Question

\({\bf{1 - 40}}\)- Evaluate the integral.

\(\int_0^{\frac{\pi }{6}} t \sin 2tdt\)

Short answer

\(\int_0^{\frac{\pi }{6}} t \sin 2tdt = \frac{{3\sqrt 3 - \pi }}{{24}}\)

Step-by-step solution

Definition

Integrationis a method of adding or summing up the parts to find the whole. It is a reverse process of differentiation.

Evaluate integral

Consider the definite integral\(\int_0^{\frac{\pi }{6}} t \sin 2tdt\)

Using integration by parts\(\int v dv = uv - \int v du\,\, - - - - (1)\)

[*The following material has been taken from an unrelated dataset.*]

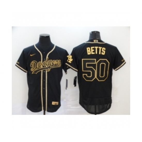 Men's Los Angeles Dodgers #50 Mookie Betts Black Gold 2020 Flexbase Jersey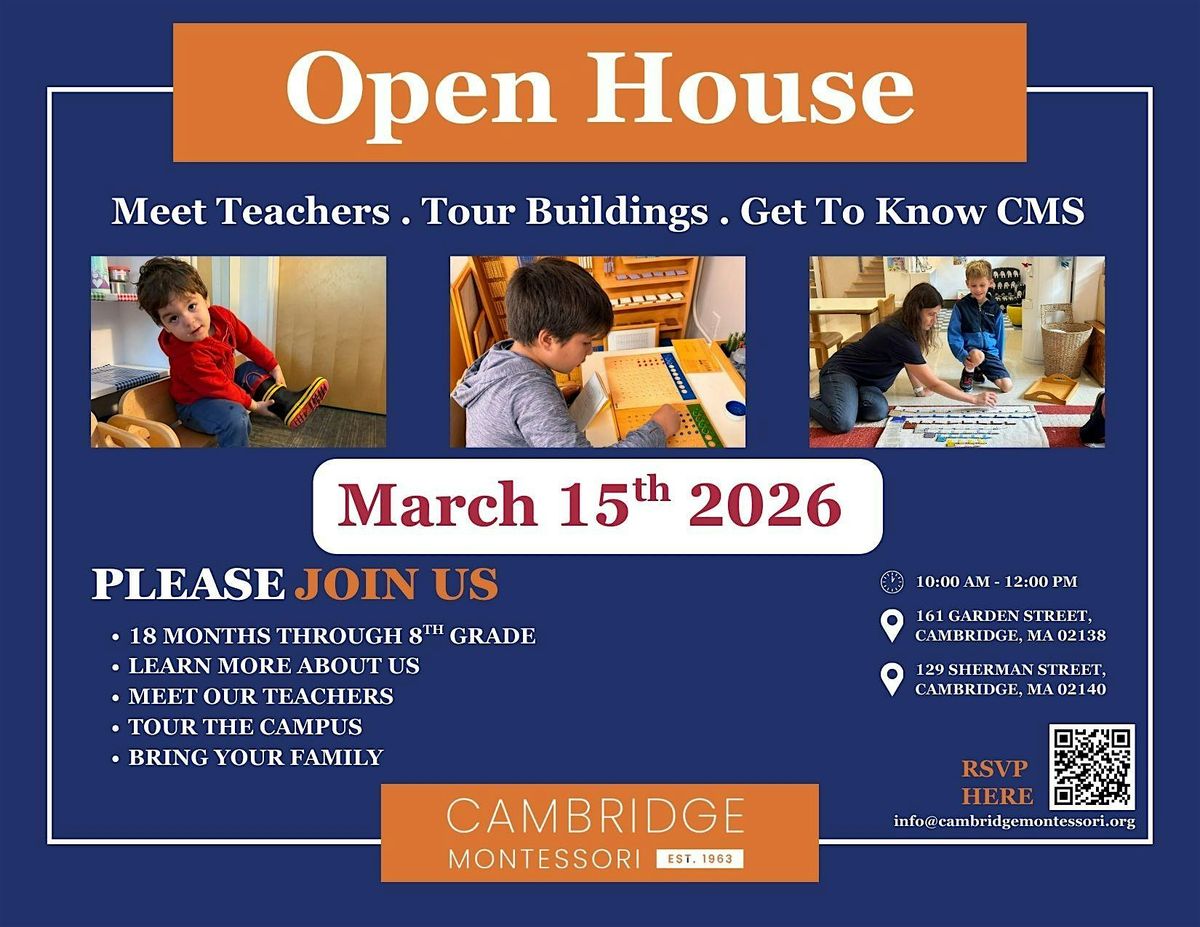 Join us for an Open House at Cambridge Montessori School and experience our vibrant learning community firsthand. Meet our dedicated teachers, tour our classrooms and campuses, and learn more about our Montessori approach for children ages 18 months through 8th grade.

\(\int_0^{\frac{\pi }{6}} t \sin 2tdt = \left( { - \frac{1}{2}t\cos 2t - \int - \frac{1}{2}\cos 2tdt} \right)_0^{\frac{\pi }{6}}\)

Applying limits

Applying lower & upper limit we have:

\(\begin{aligned}{c}\left( { - \frac{1}{2}t\cos 2t + \frac{1}{4}\sin 2t} \right)_0^{\frac{\pi }{6}} &= \left( { - \frac{1}{2}\left( {\frac{\pi }{6}} \right)\left( {\cos \left( {\frac{\pi }{3}} \right)} \right) + \frac{1}{4}\left( {\sin \frac{\pi }{3}} \right) - \left( { - \frac{1}{2}(0)\cos 0 + \frac{1}{4}\sin 0} \right)} \right)\\ &= - \frac{\pi }{{12}}\left( {\frac{1}{2}} \right) + \frac{1}{4}\left( {\frac{{\sqrt 3 }}{2}} \right) + 0 - \frac{1}{4}(0)\\ = \frac{{ - \pi }}{{24}} + \frac{{\sqrt 3 }}{8}\\ &= \frac{{3\sqrt 3 - \pi }}{{24}}\end{aligned}\)

Therefore, the value of the given integral is\(\frac{{3\sqrt 3 - \pi }}{{24}}\).